Input data.
Content starts

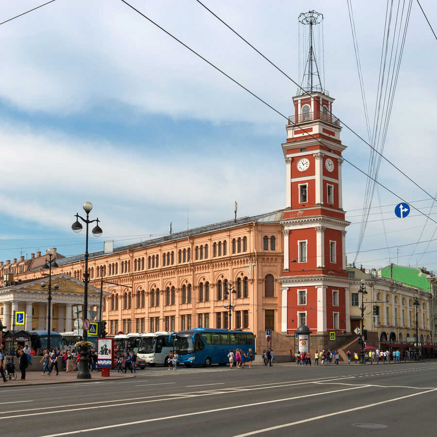Вы выходите на Невский проспект рано утром, когда город только просыпается, и сразу замечаете стройную красно-белую стрелу — Башню Городской Думы. Ее часы тихо отбивают время, а вокруг уже ровно течет невский поток людей и трамвайных звуков. Берете кофе в одной из соседних кофеен, садитесь на парапет у Гостиного двора и наблюдаете, как в окнах башни отражается бледное петербургское небо.
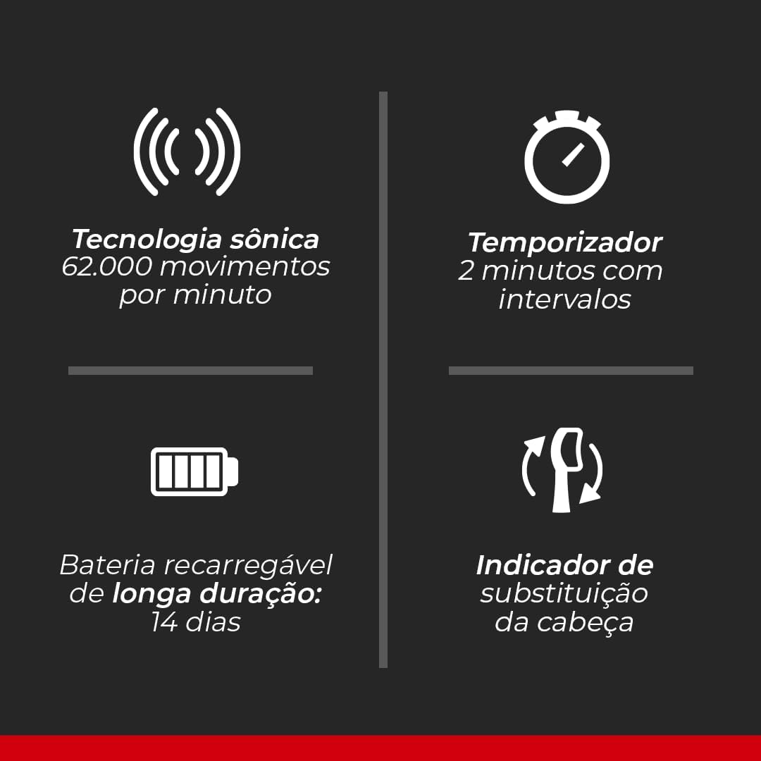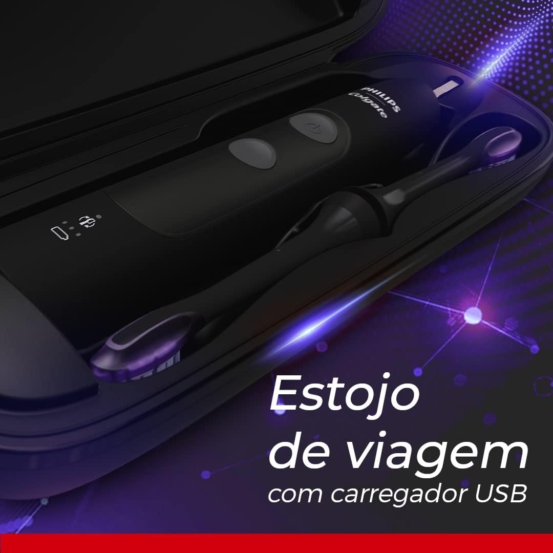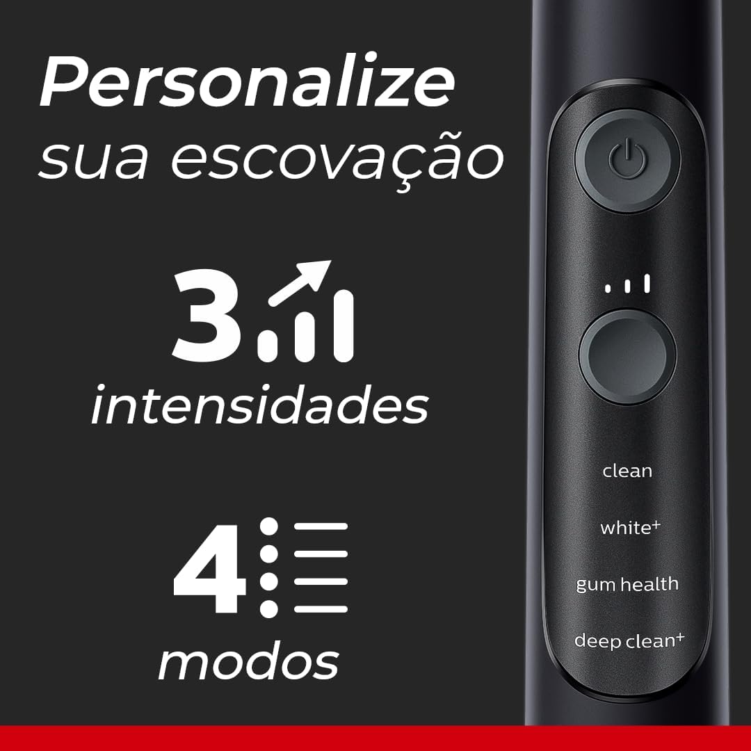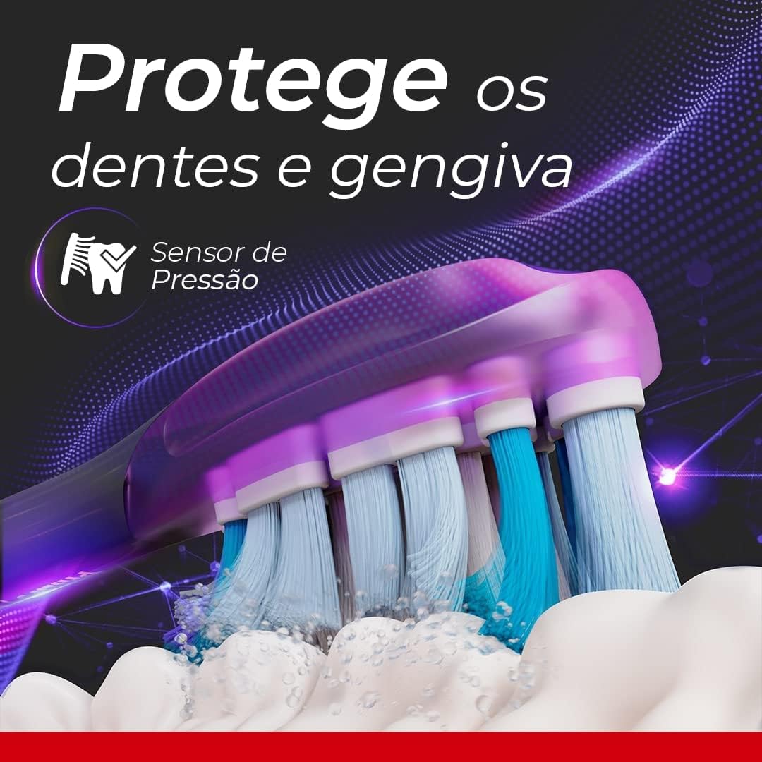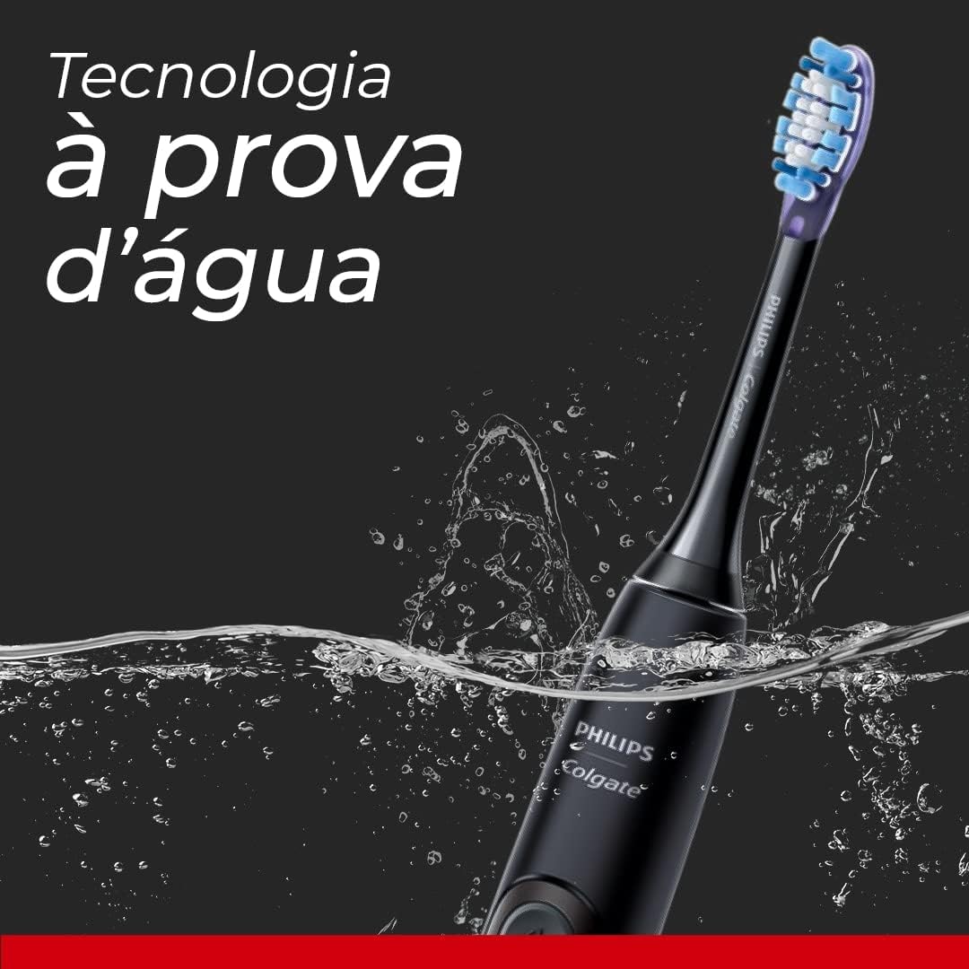 A Escova de Dente Elétrica Philips Colgate Sonic Pro 70 remove 900% mais placa do que uma escova manual enquanto protege os dentes e a gengiva graças ao sensor de pressão. Em duas semanas pode reduzir até 100% a gengiva inflamada no modo Saúde da Gengiva (Gum Health) e também ajuda a prevenir a gengiva retraída e os primeiros sinais de gengivite. Você sabia que uma escova de dente elétrica ajuda a potencializar os benefícios do creme dental para dentes sensíveis ou creme dental clareador? SENSIBILIDADE NOS DENTES: Se procura aliviar a sensibilidade dentária, está clinicamente comprovado que o uso desta escova dental elétrica com a pasta de dentes Colgate Sensitive Pro Relief com arginina, alivia instantaneamente a hipersensibilidade dentinária. CLAREAMENTO DENTAL: Use com Colgate Luminous White Lovers para maximizar os resultados e obter dentes mais brancos rapidamente.
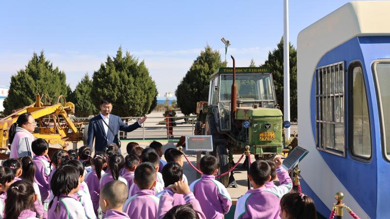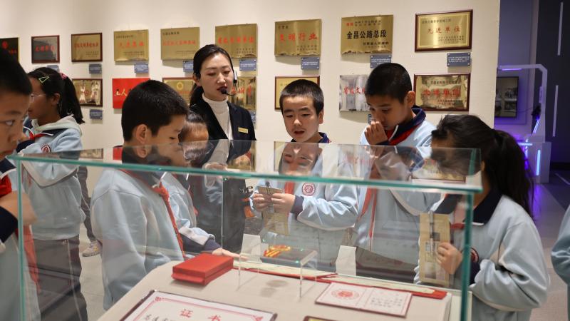 与文物“零距离”,接受文化浸润。走进展厅,学生们的目光立即被“东方红”75型推土机、毛驴刮路车等公路人使用过的设备工具所吸引,一件件意义深刻的革命文物、一张张承载岁月的照片,生动描绘了甘肃公路建设的厚重画卷。当聆听完讲解后,孩子们恍然明白这些“大块头”是如何将粗糙的砂砾路面变成平坦的沥青路面,感叹公路发展的巨变,深刻感受老一辈公路人勇于创新、不怕困难的奋斗精神。

Content ends

An unaltered copy of the material, without images, should be set down.

Вы выходите на Невский проспект рано утром, когда город только просыпается, и сразу замечаете стройную красно-белую стрелу — Башню Городской Думы. Ее часы тихо отбивают время, а вокруг уже ровно течет невский поток людей и трамвайных звуков. Берете кофе в одной из соседних кофеен, садитесь на парапет у Гостиного двора и наблюдаете, как в окнах башни отражается бледное петербургское небо.
 A Escova de Dente Elétrica Philips Colgate Sonic Pro 70 remove 900% mais placa do que uma escova manual enquanto protege os dentes e a gengiva graças ao sensor de pressão. Em duas semanas pode reduzir até 100% a gengiva inflamada no modo Saúde da Gengiva (Gum Health) e também ajuda a prevenir a gengiva retraída e os primeiros sinais de gengivite. Você sabia que uma escova de dente elétrica ajuda a potencializar os benefícios do creme dental para dentes sensíveis ou creme dental clareador? SENSIBILIDADE NOS DENTES: Se procura aliviar a sensibilidade dentária, está clinicamente comprovado que o uso desta escova dental elétrica com a pasta de dentes Colgate Sensitive Pro Relief com arginina, alivia instantaneamente a hipersensibilidade dentinária. CLAREAMENTO DENTAL: Use com Colgate Luminous White Lovers para maximizar os resultados e obter dentes mais brancos rapidamente.
 与文物“零距离”,接受文化浸润。走进展厅,学生们的目光立即被“东方红”75型推土机、毛驴刮路车等公路人使用过的设备工具所吸引,一件件意义深刻的革命文物、一张张承载岁月的照片,生动描绘了甘肃公路建设的厚重画卷。当聆听完讲解后,孩子们恍然明白这些“大块头”是如何将粗糙的砂砾路面变成平坦的沥青路面,感叹公路发展的巨变,深刻感受老一辈公路人勇于创新、不怕困难的奋斗精神。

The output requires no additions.